The long-term issues, Cusick says, are more staffed beds and better throughput.
"All these things, in a way, are a just a Band-Aid," he says. "We're lucky they're succeeding, but we're not sure for how long. We need more staffed beds, and we need flowthrough efficiency throughout the whole hospital. Getting patients upstairs quicker, getting patients discharged quicker--it's all part of the puzzle."
What EMS Can Do
There are, of course, other efforts in other places to address the diversion problem. Again, there's only so much EMS can do, especially where its actions are constrained by law. But some additional ideas may include:
- Transporting patients to urgent-care centers, freestanding ED-type clinics or other destinations besides actual EDs.
"Pretty much every study,"Williams says, "documents that for anywhere from 40%-60% of all emergency department visits, that's not necessarily the best place of care for them. It feels accessible to the patient, but there are other accessible sources."
- Basic medical screening of 9-1-1 callers.
"Our studies show that only about 40% of ambulance patients ultimately get admitted to the hospital," says Williams. "Is there any way we can better stratify those patients who call for an ambulance? Houston Fire, for example, is pilot-testing a nurse advice line concept. If you call in and meet certain criteria, you don't get an ambulance; you get transferred to a nurse advice line, and they'll help determine what services you need--including helping you schedule a same-day appointment with your physician. That's a radically new way of thinking about this business."
- Sharing EMS tactics like peak-hour staffing with our hospital brethren.
Williams: "Most hospitals don't change their staffing by hour of the day or day of the week. In EMS, that's fundamental. We wouldn't even think about having static staffing during the busiest hours of the day. Many hospitals are still of this mind-set that you never know who's going to walk through that door. Well, it turns out we do know, and to a high level of precision. We can carry those experiences over to the hospital industry."

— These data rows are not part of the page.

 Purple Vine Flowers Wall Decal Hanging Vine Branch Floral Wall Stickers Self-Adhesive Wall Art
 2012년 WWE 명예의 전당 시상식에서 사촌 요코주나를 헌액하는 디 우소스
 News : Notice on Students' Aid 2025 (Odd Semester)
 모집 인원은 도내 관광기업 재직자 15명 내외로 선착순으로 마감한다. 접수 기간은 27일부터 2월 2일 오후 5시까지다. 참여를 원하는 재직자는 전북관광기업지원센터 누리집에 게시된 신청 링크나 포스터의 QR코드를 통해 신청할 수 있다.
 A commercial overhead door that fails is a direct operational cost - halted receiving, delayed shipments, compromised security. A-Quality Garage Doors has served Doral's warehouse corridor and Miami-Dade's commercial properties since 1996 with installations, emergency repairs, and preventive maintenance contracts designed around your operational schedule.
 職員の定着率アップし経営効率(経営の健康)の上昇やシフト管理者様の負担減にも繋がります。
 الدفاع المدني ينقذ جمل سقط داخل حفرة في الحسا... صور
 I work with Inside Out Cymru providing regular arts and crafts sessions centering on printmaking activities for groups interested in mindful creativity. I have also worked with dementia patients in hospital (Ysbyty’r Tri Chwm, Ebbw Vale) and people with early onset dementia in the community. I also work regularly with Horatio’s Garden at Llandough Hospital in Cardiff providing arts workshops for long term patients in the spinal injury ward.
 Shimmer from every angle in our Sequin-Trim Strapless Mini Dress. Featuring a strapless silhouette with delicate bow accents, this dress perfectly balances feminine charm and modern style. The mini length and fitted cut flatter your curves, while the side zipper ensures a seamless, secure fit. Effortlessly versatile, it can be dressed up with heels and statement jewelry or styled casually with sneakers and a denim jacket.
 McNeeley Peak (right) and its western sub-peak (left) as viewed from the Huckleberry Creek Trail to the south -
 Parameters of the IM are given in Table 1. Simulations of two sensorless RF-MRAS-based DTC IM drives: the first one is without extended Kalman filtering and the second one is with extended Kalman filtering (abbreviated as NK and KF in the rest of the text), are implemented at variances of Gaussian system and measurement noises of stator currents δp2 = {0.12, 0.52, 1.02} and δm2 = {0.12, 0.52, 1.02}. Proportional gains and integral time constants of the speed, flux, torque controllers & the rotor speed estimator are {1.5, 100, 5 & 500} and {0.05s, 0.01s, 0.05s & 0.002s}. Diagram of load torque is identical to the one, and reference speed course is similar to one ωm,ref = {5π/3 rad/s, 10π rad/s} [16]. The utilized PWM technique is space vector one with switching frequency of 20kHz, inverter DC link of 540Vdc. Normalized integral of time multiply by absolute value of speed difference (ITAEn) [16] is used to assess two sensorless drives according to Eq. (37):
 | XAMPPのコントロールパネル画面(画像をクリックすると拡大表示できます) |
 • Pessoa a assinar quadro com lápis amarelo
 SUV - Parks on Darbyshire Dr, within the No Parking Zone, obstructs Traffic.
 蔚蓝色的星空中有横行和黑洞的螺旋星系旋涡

In that sense, there's actually a good bit EMS can do to help solve the diversion problem. We just have to avail our colleagues of our wisdom and experiences--and maybe even our clinical skills.
"I'm a real proponent of having EMS personnel working in hospitals," says Cusick. "Especially at a time when we're short of nurses, we need to utilize the personnel we have. Why not have an EMS person in the discharge unit who can facilitate transport out, whether it's by family, cab, ambulance, whatever? Have somebody who deals in transport there with the nurse to assist. And medics are great at running arrests and giving respiratory medications and the things they're certified to do on the outside. We should make it easier for them to do it on the inside."